The answer must be an exact reproduction of the lines from the start of the records below through the line containing "- wagoniki na", and nothing more.

━━━━━ INPUT DATA

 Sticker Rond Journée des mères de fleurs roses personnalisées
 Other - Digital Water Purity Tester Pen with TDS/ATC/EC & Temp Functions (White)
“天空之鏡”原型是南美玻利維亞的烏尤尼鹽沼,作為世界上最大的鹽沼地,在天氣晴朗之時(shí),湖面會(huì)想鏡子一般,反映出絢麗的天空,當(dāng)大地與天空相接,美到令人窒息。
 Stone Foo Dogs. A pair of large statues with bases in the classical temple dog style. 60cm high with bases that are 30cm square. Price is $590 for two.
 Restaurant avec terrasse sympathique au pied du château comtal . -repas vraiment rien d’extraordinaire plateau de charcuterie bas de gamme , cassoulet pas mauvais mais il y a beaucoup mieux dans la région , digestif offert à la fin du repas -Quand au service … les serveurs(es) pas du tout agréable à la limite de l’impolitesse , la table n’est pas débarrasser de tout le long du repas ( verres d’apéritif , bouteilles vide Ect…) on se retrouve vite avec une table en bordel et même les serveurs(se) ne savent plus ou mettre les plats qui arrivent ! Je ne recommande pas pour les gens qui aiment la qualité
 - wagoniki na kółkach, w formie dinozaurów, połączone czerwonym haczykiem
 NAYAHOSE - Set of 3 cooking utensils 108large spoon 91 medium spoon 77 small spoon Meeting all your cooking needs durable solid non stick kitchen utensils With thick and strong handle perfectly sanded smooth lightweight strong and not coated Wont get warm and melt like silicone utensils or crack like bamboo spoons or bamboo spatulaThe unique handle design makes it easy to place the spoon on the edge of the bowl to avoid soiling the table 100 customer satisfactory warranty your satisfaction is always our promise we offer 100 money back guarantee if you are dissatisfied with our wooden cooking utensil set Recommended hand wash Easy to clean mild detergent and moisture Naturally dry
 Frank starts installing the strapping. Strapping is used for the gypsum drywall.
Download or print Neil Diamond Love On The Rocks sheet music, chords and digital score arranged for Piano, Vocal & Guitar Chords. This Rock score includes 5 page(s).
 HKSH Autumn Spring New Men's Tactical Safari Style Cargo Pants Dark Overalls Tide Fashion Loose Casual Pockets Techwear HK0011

━━━━━━━━━━

OUTPUT FOR THIS TASK:
 Sticker Rond Journée des mères de fleurs roses personnalisées
 Other - Digital Water Purity Tester Pen with TDS/ATC/EC & Temp Functions (White)
“天空之鏡”原型是南美玻利維亞的烏尤尼鹽沼,作為世界上最大的鹽沼地,在天氣晴朗之時(shí),湖面會(huì)想鏡子一般,反映出絢麗的天空,當(dāng)大地與天空相接,美到令人窒息。
 Stone Foo Dogs. A pair of large statues with bases in the classical temple dog style. 60cm high with bases that are 30cm square. Price is $590 for two.
 Restaurant avec terrasse sympathique au pied du château comtal . -repas vraiment rien d’extraordinaire plateau de charcuterie bas de gamme , cassoulet pas mauvais mais il y a beaucoup mieux dans la région , digestif offert à la fin du repas -Quand au service … les serveurs(es) pas du tout agréable à la limite de l’impolitesse , la table n’est pas débarrasser de tout le long du repas ( verres d’apéritif , bouteilles vide Ect…) on se retrouve vite avec une table en bordel et même les serveurs(se) ne savent plus ou mettre les plats qui arrivent ! Je ne recommande pas pour les gens qui aiment la qualité
 - wagoniki na kółkach, w formie dinozaurów, połączone czerwonym haczykiem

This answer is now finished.